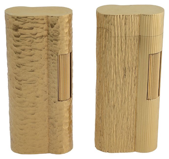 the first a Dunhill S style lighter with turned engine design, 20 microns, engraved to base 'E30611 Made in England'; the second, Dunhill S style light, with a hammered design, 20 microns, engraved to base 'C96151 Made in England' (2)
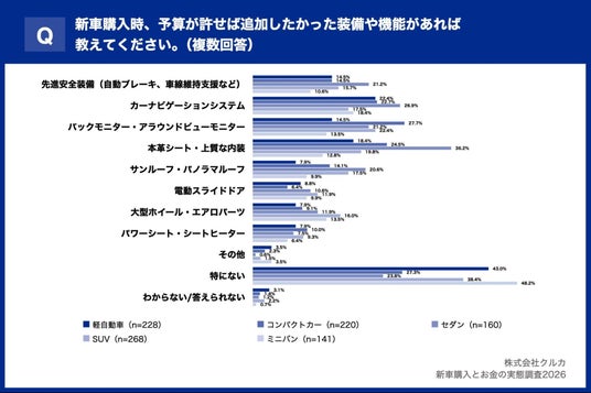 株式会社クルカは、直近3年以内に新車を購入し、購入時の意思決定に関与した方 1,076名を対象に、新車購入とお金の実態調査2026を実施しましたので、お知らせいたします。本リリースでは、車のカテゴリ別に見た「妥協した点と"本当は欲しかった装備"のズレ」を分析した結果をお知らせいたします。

--

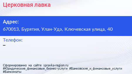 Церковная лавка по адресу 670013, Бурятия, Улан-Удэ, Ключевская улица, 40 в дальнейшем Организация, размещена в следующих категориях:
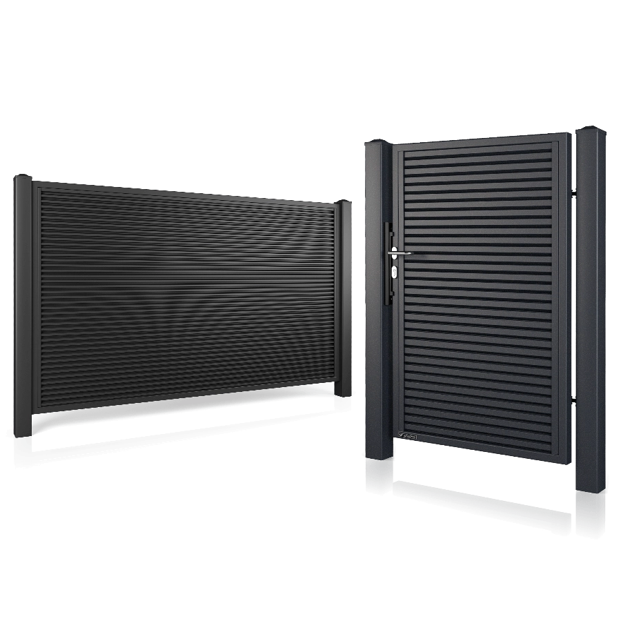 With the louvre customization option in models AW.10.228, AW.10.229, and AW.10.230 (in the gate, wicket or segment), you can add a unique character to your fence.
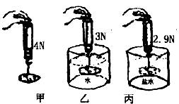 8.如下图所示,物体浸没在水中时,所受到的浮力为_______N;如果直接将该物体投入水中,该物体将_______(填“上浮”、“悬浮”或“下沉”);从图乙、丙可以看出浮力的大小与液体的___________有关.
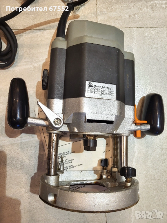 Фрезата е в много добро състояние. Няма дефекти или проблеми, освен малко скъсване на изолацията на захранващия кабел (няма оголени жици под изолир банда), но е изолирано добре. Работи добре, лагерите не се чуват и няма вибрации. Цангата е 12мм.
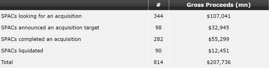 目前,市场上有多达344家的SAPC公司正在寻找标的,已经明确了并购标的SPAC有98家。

* * *

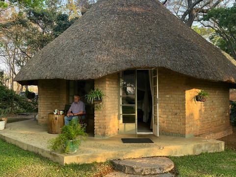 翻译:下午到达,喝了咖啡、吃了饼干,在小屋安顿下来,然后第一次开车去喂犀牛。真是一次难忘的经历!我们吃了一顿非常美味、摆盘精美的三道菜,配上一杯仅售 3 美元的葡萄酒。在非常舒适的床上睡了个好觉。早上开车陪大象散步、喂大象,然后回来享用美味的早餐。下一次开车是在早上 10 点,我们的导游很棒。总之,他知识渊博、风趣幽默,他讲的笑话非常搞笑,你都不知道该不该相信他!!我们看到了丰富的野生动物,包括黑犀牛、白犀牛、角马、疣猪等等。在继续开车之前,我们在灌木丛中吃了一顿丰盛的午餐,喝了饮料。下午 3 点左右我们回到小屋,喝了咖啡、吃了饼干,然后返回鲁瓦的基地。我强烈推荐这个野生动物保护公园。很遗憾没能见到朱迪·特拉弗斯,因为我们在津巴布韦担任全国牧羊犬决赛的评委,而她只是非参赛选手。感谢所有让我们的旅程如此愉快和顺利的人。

* _WHAT YOU ARE ASKED TO DO_
Nothing but the lines from the one with "the first a" to the one with "株式会社クルカは、直近3年以" above, both included, should be transcribed, exactly and without pictures.

* _RESPONSE TO THE EXERCISE_
 the first a Dunhill S style lighter with turned engine design, 20 microns, engraved to base 'E30611 Made in England'; the second, Dunhill S style light, with a hammered design, 20 microns, engraved to base 'C96151 Made in England' (2)
 株式会社クルカは、直近3年以内に新車を購入し、購入時の意思決定に関与した方 1,076名を対象に、新車購入とお金の実態調査2026を実施しましたので、お知らせいたします。本リリースでは、車のカテゴリ別に見た「妥協した点と"本当は欲しかった装備"のズレ」を分析した結果をお知らせいたします。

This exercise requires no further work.